O autor aborda, a partir de vivência e reflexões psicanalíticas, situações e conceitos relacionados à finitude/infinitude, vida plena/terminalidade, situações-limite como reveladoras de experiências até então inapreensíveis por nós.

Palavras-chave: Tempo. Limite. Finitude. Infinitude. Morte.

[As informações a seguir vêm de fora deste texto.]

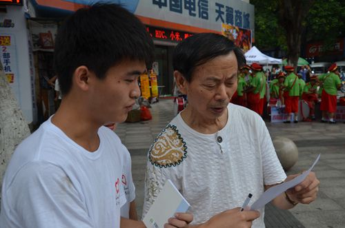 为了更好的了解社会对于中国教育的价值观,该团队在自贡市的调查走访中,延续着昨日于四川威远的分组,以青年组、中年组、老年组的分工,继续进行教育价值观的问卷调查。
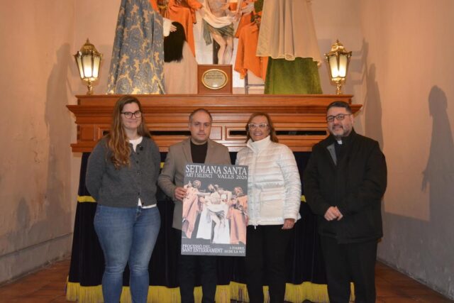 La Setmana Santa 2026 a Valls ja té cartell oficial. L’església de Sant Joan Baptista ha acollit, aquest Dimecres de Cendra, dia 18 de febrer, la presentació de la imatge gràfica promocional, en un acte que s’ha celebrat a la capella que acull el misteri del Davallament de la Creu i que ha comptat amb la participació de Pol Montserrat, el president de l’Agrupació de Germandats i Confraries de Setmana Santa a Valls; mossèn Víctor Mosquera, el rector de la parròquia; Rosa Maria Domingo, representant de la Confraria del Davallament de la Creu, i Míriam Estrem, autora i guanyadora del concurs de cartells.

Terminalidade.


SUMMARY

Departing from his experience in life and psychoanalysis, the author brings some reflexions about finitude/infinitude, life/ death, dying patients; limit; time; middle age.

Keywords: Time. Limit. Finitude. Infinitude. Death. Terminality.


 

 

We are now much farther along the flow of "the river-run" of analysis and of life, having moved from the symptomatic storms at the start to those existential ones before only hinted at. Now we discover that the distinction between analysis and life is less clear than we had imagined. Although transference and life are fleeting wisps of existence, each ephemeral, the stuff that dreams are made on, still they are as real as experience can ever be. They are the very substance of being - of being, and of becoming, but also of ending. (Warren Polland, 2014)

 

Primeiro, a "infinitude"

Minha paciente, aficionada pelo jogo de boliche, conta-me que o que mais a encanta nesse esporte é que os pinos caídos são recolhidos pelos fios que os prendiam - todos os pinos - e a seguir repostos exatamente como antes, no mesmo lugar. Tudo permanece igual. Sempre igual.

A imagem remonta à resiliência; os pinos resistem ao choque, reerguem-se, levantam-se após os golpes. Mas para essa, por outro lado, falta um dado importante, não há alteração do sujeito em face dos strikes da vida, fruto de aprendizado.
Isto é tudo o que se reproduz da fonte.